L'interrogatoire du prisonnier
Je descends l'étroit escalier menant aux cachots et entre dans l'une des cellules. Je n'avais encore jamais utilisé cet endroit, qui sent le renfermé en raison du peu d'ouvertures qu'il contient. J'avance en direction de l'homme qui est assis sur le sol recouvert de paille, attaché par des chaînes reliées au mur en pierre.

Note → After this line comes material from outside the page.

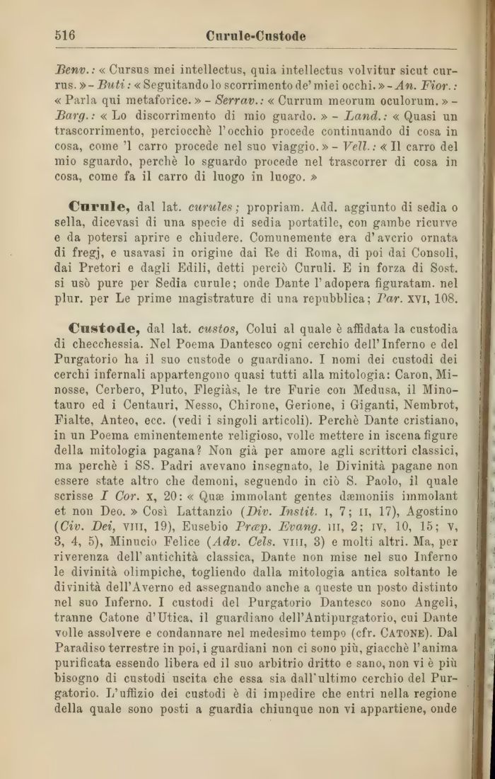Custode, dal lat. custos, Colui al quale è affidata la custodia di checchessia. Nel Poema Dantesco ogni cerchio dell'Inferno e del Purgatorio ha il suo custode o guardiano. I nomi dei custodi dei cerchi infernali appartengono quasi tutti alla mitologia: Caron, Minosse, Cerbero, Pluto, Flegiàs, le tre Furie con Medusa, il Minotauro ed i Centauri, Nesso, Chirone, Gerione, i Giganti, Nembrot, Fialte, Anteo, ecc. (vedi i singoli articoli). Perchè Dante cristiano, in un Poema eminentemente religioso, volle mettere in iscena figure della mitologia pagana? Non già per amore agli scrittori classici, ma perchè i SS. Padri avevano insegnato, le Divinità pagane non essere state altro che demoni, seguendo in ciò S. Paolo, il quale scrisse I Cor. x, 20: « Quae immolant gentes dsemoniis iinmolant et non Deo. » Così Lattanzio (Div. Instit. i, 7; II, 17), Agostino (Civ. Dei, viti, 19), Eusebio Prcep. Evang. ni, 2; iv, 10, 15; v, 3, 4, 5), Minucio Felice (Adv. Cels. vili, 3) e molti altri. Ma, per riverenza dell' antichità classica, Dante non mise nel suo Inferno le divinità olimpiche, togliendo dalla mitologia antica soltanto le divinità dell'Averno ed assegnando anche a queste un posto distinto nel suo Inferno. I custodi del Purgatorio Dantesco sono Angeli, tranne Catone d'Utica, il guardiano dell'Antipurgatorio, cui Dante volle assolvere e condannare nel medesimo tempo (cfr. Catone). Dal Paradiso terrestre in poi, i guardiani non ci sono più, giacché l'anima purificata essendo libera ed il suo arbitrio dritto e sano, non vi è più bisogno di custodi uscita che essa sia dall'ultimo cerchio del Purgatorio. L'uffizio dei custodi è di impedire che entri nella regione della quale sono posti a guardia chiunque non vi appartiene, onde

Je lui demande directement :
- Qui es-tu ?
- À quoi bon vous le dire ? Quoiqu'il arrive, je vais finir au bout d'une corde et personne ne se souviendra de mon nom, pas même vous.
- C'est possible, en effet, lui répondé-je d'un air impassible, mais je ne supporte pas que l'on ne réponde pas à mes questions, alors c'est à toi de voir si tu veux passer sous la torture avant de finir au bout de cette fameuse corde ou non.
- Toute ma vie a été une torture, alors ça ne changerait pas grand chose pour moi, se contente-t-il de dire en haussant les épaules.
- Arrête de jouer les héros tragiques ! lui ordonné-je en l'empoignant par le col. Tu n'es qu'un criminel ! Ma femme a failli mourir à cause de tes compagnons et toi !
- Je n'ai pas choisi d'en devenir un ! Il y en a que la vie gâte depuis la naissance, comme vous, et d'autres qu'elle délaisse comme nous. Nous n'avions pas de travail et n'avons trouvé aucun autre moyen de subsistance que de prendre de force ce que la vie refuse de nous donner. C'était ça ou mourir de faim !
- Je sais bien qu'il y a des malheureux qui sont contraints de voler pour survivre. Je ne vous reproche pas d'avoir tenté de dépouiller mes villageois, mais d'être allé jusqu'à tout détruire et essayer d'attenter à leur vie !
- Nous n'avions pas d'autre choix. Ils ont résisté, nous étions obligés de leur passer sur le corps pour prendre ce que nous voulions.
- Tu ne ressens donc aucune culpabilité à l'idée d'avoir mis des vies en danger ? !
- C'était les leurs ou les nôtres. Ceux qui se laissent enchaîner par leurs bons sentiments et leur conscience n'ont aucune chance de survivre dans notre situation.
Ses paroles me frappent tant que je desserre mon emprise sur son col et finis même par le lâcher en lui demandant :
- C'étaient les meubles et autres objets en bois fabriqués par nos villageois qui vous intéressaient, c'est bien cela ?
- Oui, depuis plusieurs semaines, nous avons remarqué que des convois de marchandises partaient du duché de Westforest. Nous nous sommes dit qu'en récupérant ces objets pour les revendre à notre profit, nous gagnerions suffisamment d'argent pour vivre tranquillement et le ventre plein pendant au moins plusieurs semaines. Notre chef a même émis la conclusion que pour faire du commerce, le territoire devait être plus ou moins aisé et que nous trouverions donc encore plus de richesses en remontant jusqu'au village. Nous avons pu constater que c'était bien le cas, mais vous vous êtes mis en travers de notre route et, maintenant, tout est fini pour nous.
- Où est votre chef ?
- Il est mort pendant la bataille. La duchesse l'a tué.
- Je vois. Je te laisse à présent. L'un de mes hommes va bientôt venir t'apporter ton repas.
- Pourquoi me nourrir ? lâche-t-il avec un petit rire nerveux. Je ne vais pas tarder à rejoindre mes camarades, de toute façon, n'est-ce pas ?
En disant ces mots, il plonge son regard dans le mien, révélant ainsi que des larmes perlent au coin de ses yeux. Les miens s'écarquillent et je sens mes poings, mais aussi et surtout mon coeur, se serrer. Je fronce les sourcils et me retourne précipitamment pour ne pas laisser le temps à mes états d'âme de m'envahir, puis quitte les cachots d'un pas rapide.
"Reste fort. Tu ne dois pas avoir de pitié, ni de compassion pour ce criminel. Souviens-toi de ce qu'il a fait au village et à ses habitants, rappelle-toi qu'il a mis en danger la vie de ceux que tu aimes. Reste fort."